**INPUT DATA**
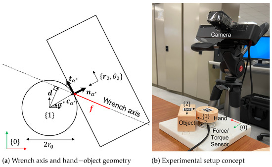(a) Any point on the wrench axis has the same displacement vector from frame 1. Using Equation (4), we determine , the point of pushing. (b) This experimental setup was designed to test the proposed method of estimating the point of contact for circular hands.
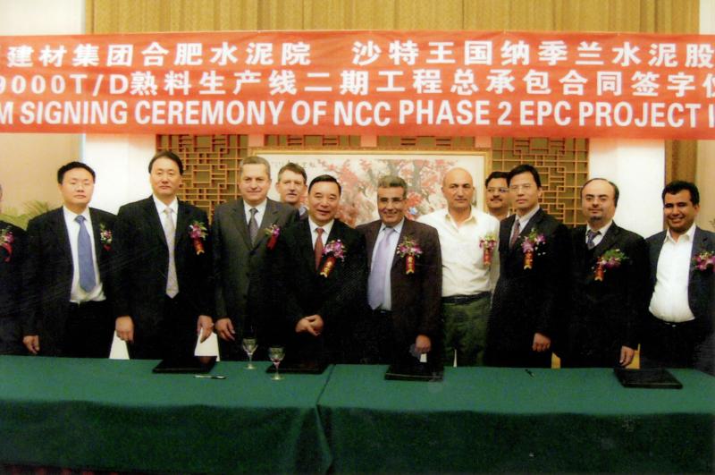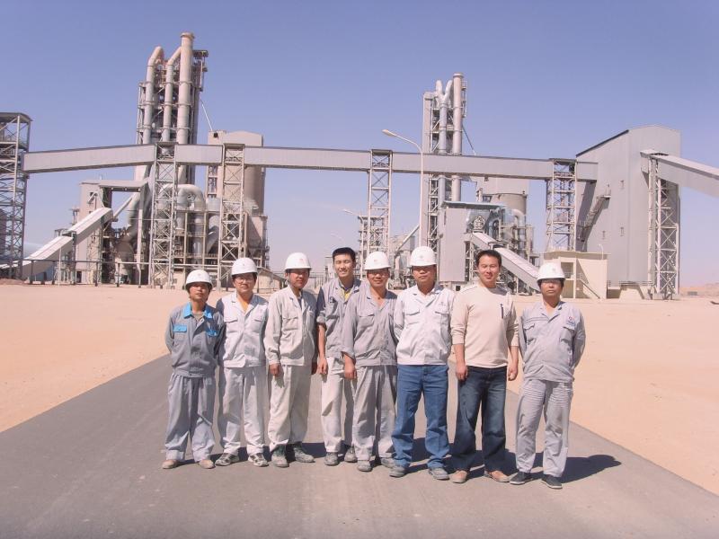 2005年7月20日,od体育网址与沙特NAJRAN混凝土公司签订了6000td混凝土熟料生产线合同。这是od体育网址承接的第一个EPC模式的总承包工程,是当时国内规模最大的混凝土出口项目,也是沙特国内最大的混凝土生产线工程。2006年2月,od体育网址与项目业主沙特纳吉兰混凝土公司签订9000tpd熟料生产线二期EPC合同。上图为签约现场合影,下图为od体育网址施工人员在项目现场合影。
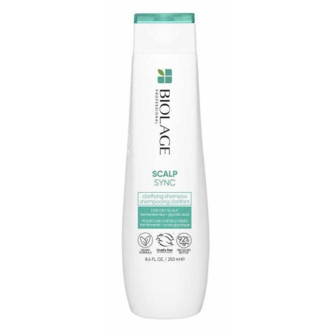 Matrix Biolage ScalpSync Clarifying mélytisztító sampon, 250 ml - Gyengéd tisztító sampon, amely eltávolítja a maradványokat, a lerakódásokat és a felesleges olajat és faggyút - Gyengéd tisztító sampon zsíros fejbőrre - Fermentált teával és glikolsavval

**EXERCISE BRIEF**
Repeat the listing above in full, exactly, and omit its pictures.

**WRITTEN SOLUTION**
(a) Any point on the wrench axis has the same displacement vector from frame 1. Using Equation (4), we determine , the point of pushing. (b) This experimental setup was designed to test the proposed method of estimating the point of contact for circular hands.
 2005年7月20日,od体育网址与沙特NAJRAN混凝土公司签订了6000td混凝土熟料生产线合同。这是od体育网址承接的第一个EPC模式的总承包工程,是当时国内规模最大的混凝土出口项目,也是沙特国内最大的混凝土生产线工程。2006年2月,od体育网址与项目业主沙特纳吉兰混凝土公司签订9000tpd熟料生产线二期EPC合同。上图为签约现场合影,下图为od体育网址施工人员在项目现场合影。
 Matrix Biolage ScalpSync Clarifying mélytisztító sampon, 250 ml - Gyengéd tisztító sampon, amely eltávolítja a maradványokat, a lerakódásokat és a felesleges olajat és faggyút - Gyengéd tisztító sampon zsíros fejbőrre - Fermentált teával és glikolsavval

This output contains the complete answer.